Who is moving on the seams
This project exists for the three gaps no single framework closes. Here is the honest state of movement on each.
- Cross-organization agent identity federation. The foundation is forming, NIST's AI Agent Standards Initiative and the Coalition for Secure AI as venues, and the published NIST work (the NCCoE concept paper, the Agent Standards Initiative) pointing at the cryptographic agent identity it would need. But no one has closed it. Your guarantees still stop at your own front door.

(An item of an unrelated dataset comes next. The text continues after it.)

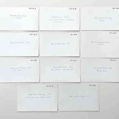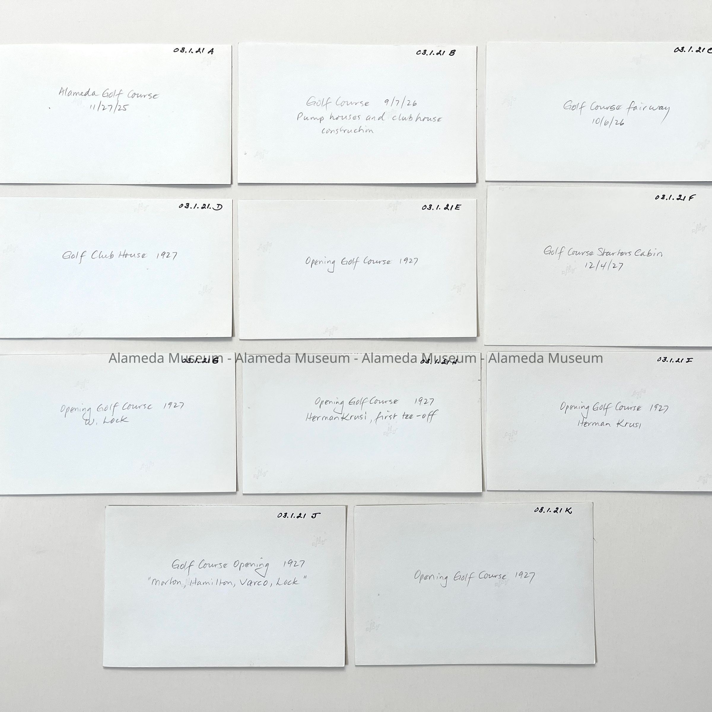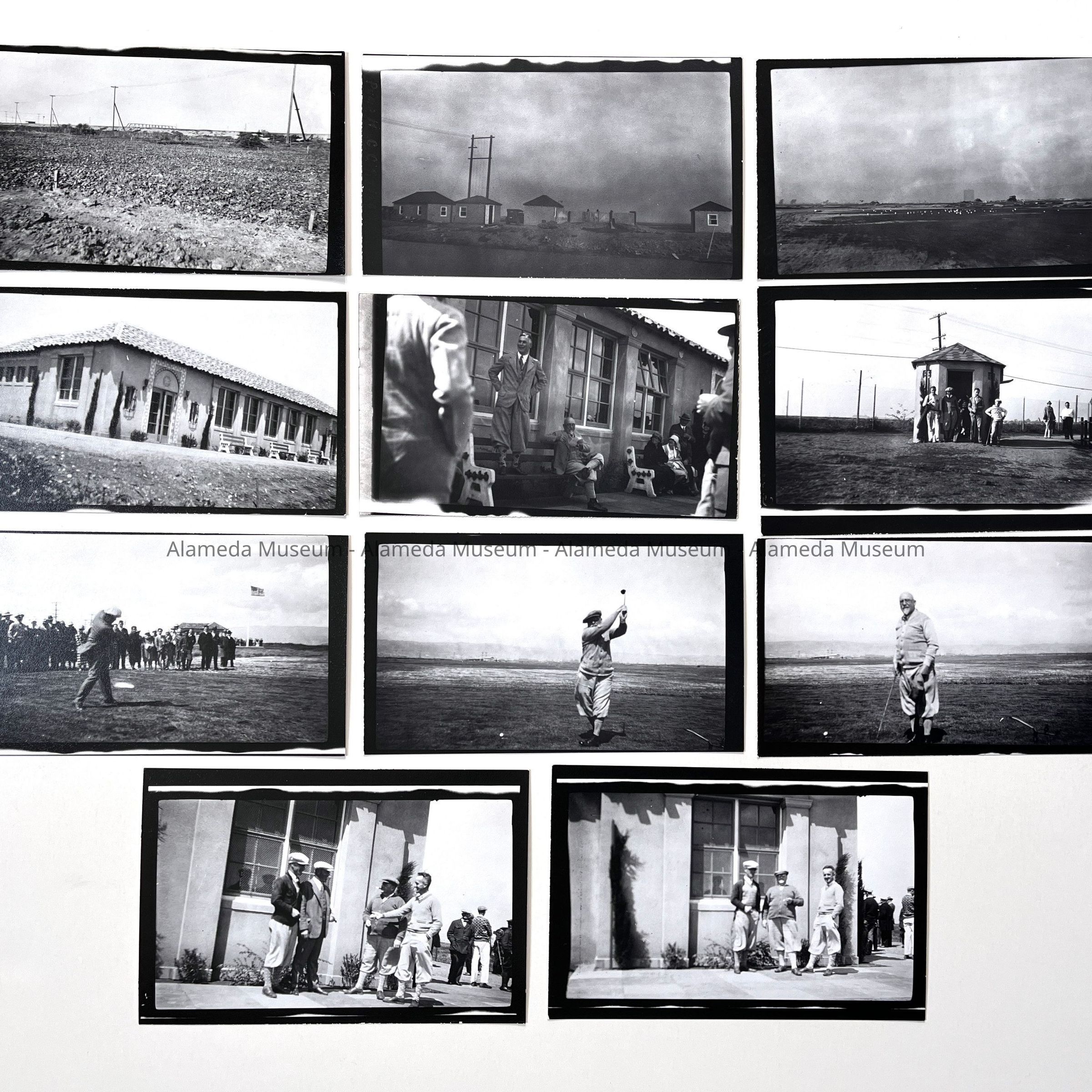 History of Object: Alameda Golf Course scenes: A-C) course construction views; D) completed Club House; E) opening day crowd, 1927; F) starters cabin; G) player (W. Lock) teeing off; H-I) Herman Krusi making the first tee-off, opening day; J-K) opening day golfers in front of the Club House.

- Chain-of-custody for agent-action logs. Relevant logging and data-governance components exist (Google/DeepMind, Databricks), and the EU AI Act's Article 12 is pushing hard on the logging, but no mapped implementation demonstrates the complete evidentiary chain. The forensic chain-of-custody question, can these logs stand up in an investigation, remains unanswered.
- Securing the security layer itself. The least-built of the three. DeepMind's AI Control work, treating the monitor's own integrity as part of the threat model, is the nearest thing to movement. It is early.
The pattern is the same one the whole project started from: the field is converging on the layers and fragmenting at the seams. The most visible implementation activity is concentrated in the layer-specific controls, and the joins are left open. The seams are still where agents break.
See the full corpus, and browse any domain to see exactly which controls have an owner and which do not, at apeiris.ai.
Sources
- Google DeepMind, AI Control Roadmap · Anthropic, Project Glasswing · OpenAI, Preparedness Framework
- Microsoft Agent Governance Toolkit · OpenSSF Model Signing / Sigstore · Databricks DASF v3.0
- NIST AI Agent Standards Initiative · Coalition for Secure AI (CoSAI) · EU AI Act Article 12
- Standards spine: SPIFFE · W3C DID · MCP · A2A v1.0.0 · ISO/IEC 42001
---
How to read this. Apeiris is vendor-neutral and takes no payment for inclusion. A product appears here because it maps to a control in the corpus, not because of any relationship, and nothing here is a recommendation or an endorsement. Where a vendor reports a result, it is presented as that vendor's own claim, not an independent finding. This is a snapshot dated 21 June 2026; this space moves fast and some of it will be out of date quickly. Standards and open specifications come first; commercial positioning second. New entrants are noted as signals of where the field is heading, not as proven choices. And this map undercounts the field, since many relevant companies are early-stage or in stealth and not yet visible here.